Select the Excel file and click Open to update. When update plants window pops up, click OK.Check that the values are updated. Under measure plant parameters, click on Calculate Soil Dry Weight.

When the window pops up, insert soil wet weight and soil dry weight, or insert manually calculated soil water content. Click Apply, and then click Finish. When a window pops up, click OK to confirm.

Follow the text manuscript to calculate these soil water content value. Open irrigation treatments and click Create New and put the name and click OK.Open the new irrigation name and click on Create New. Then open the default treatment plan, set the valve opening time and other parameters as required and click Apply.

This demonstrates a dynamic and modulating irrigation treatment scenario for the entire experimental period based on user preferences. Open treatment scenarios, open plan and click on the default plan name. Choose a treatment name from the list and click OK to confirm.

Choose appropriate conditions for termination and click Apply. All possibilities include a timeout option that will close the tap even if the set conditions are not reached. Finally, follow manuscript directions to complete the plan's table.
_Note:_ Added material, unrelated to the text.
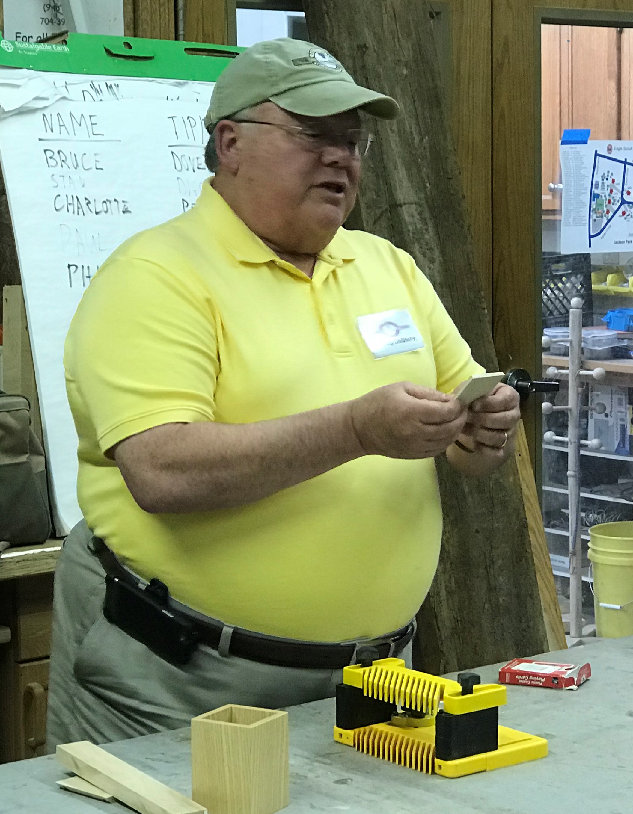 This month’s meeting presentation was a collaborative session with member participation and a competition for the best voted on Gadget, Tip or Trick. Congratulations to Phil DeBerry for winning the $25 gift certificate to Woodcraft and to runner up Mark Willingham. Entrants and their entries included:

Open the data analytics software and log in with your username and password. Click on Select Experiment and then on select control system and select experiment. In the left hand side column of the screen, click on Experiments and type the name of the experiment in the name bar under the search section.
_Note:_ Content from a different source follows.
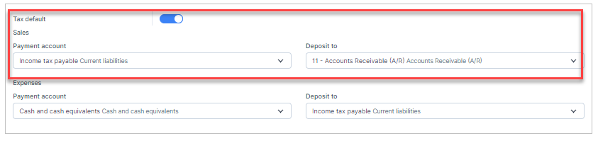 - Step 2. Enable the Tax default -Sales mapping setup so that the total tax amount of the inventory delivery voucher will be mapped to this configuration. if this configuration is not enabled, the tax of the inventory delivery voucher is not mapped to any accounts.

The name of the experiment will then appear below the search section in the experiment section. Click on the experiment name to open the info and plant's sections. In the info section, edit the WUE start and WUE end dates for the period of at least three days before the start of the drought treatment.

Then click Update. The WUE and the R squared value for every pot will appear or update in the plant section. In the plant section, choose or exclude any plant or pot with a negative WUE value or an R squared value of less than 0.5.

By clicking on the eyes symbol under the active column, which will then turn red. The WUE data can be exported as an Excel file by clicking on Export Data in the plant section. Environmental conditions were monitored throughout the experiment by an atmospheric probe.

The collected data, shows photosynthetically active radiation and vapor pressure deficit for different days. And throughout the course of every day. The volumetric water content of the drought treated pots was measured by soil probes throughout the experimental period.

Data collected from one drought treated indica plant is shown here. The mean calculated plant weight increase consistently among both the karla control and the karla drought treatments during the first stage of the experiment when all of the plants received similar irrigation. When the drought treatment was applied to the karla plants, those plants stopped gaining weight did not resume gaining weight until the recovery stage.

At that point, there was an increase in weight that proceeded more slowly than what was observed for the controls. In contrast, the weights of the karla control plants increased continuously throughout the experimental period. Other methods like sample collection for gene expression, mineral content and photosynthetic activity can be done during this experiments with a precise reference to the plant's behavior and environmental conditions.

Functional phenotyping is a practical plant environment interactions characterization method, which gives the user a good tool for comparing different plant response profiles under different ambient conditions. Each specific profile could be selected for deeper study or as a source for beneficial physiological traits for breeding programs.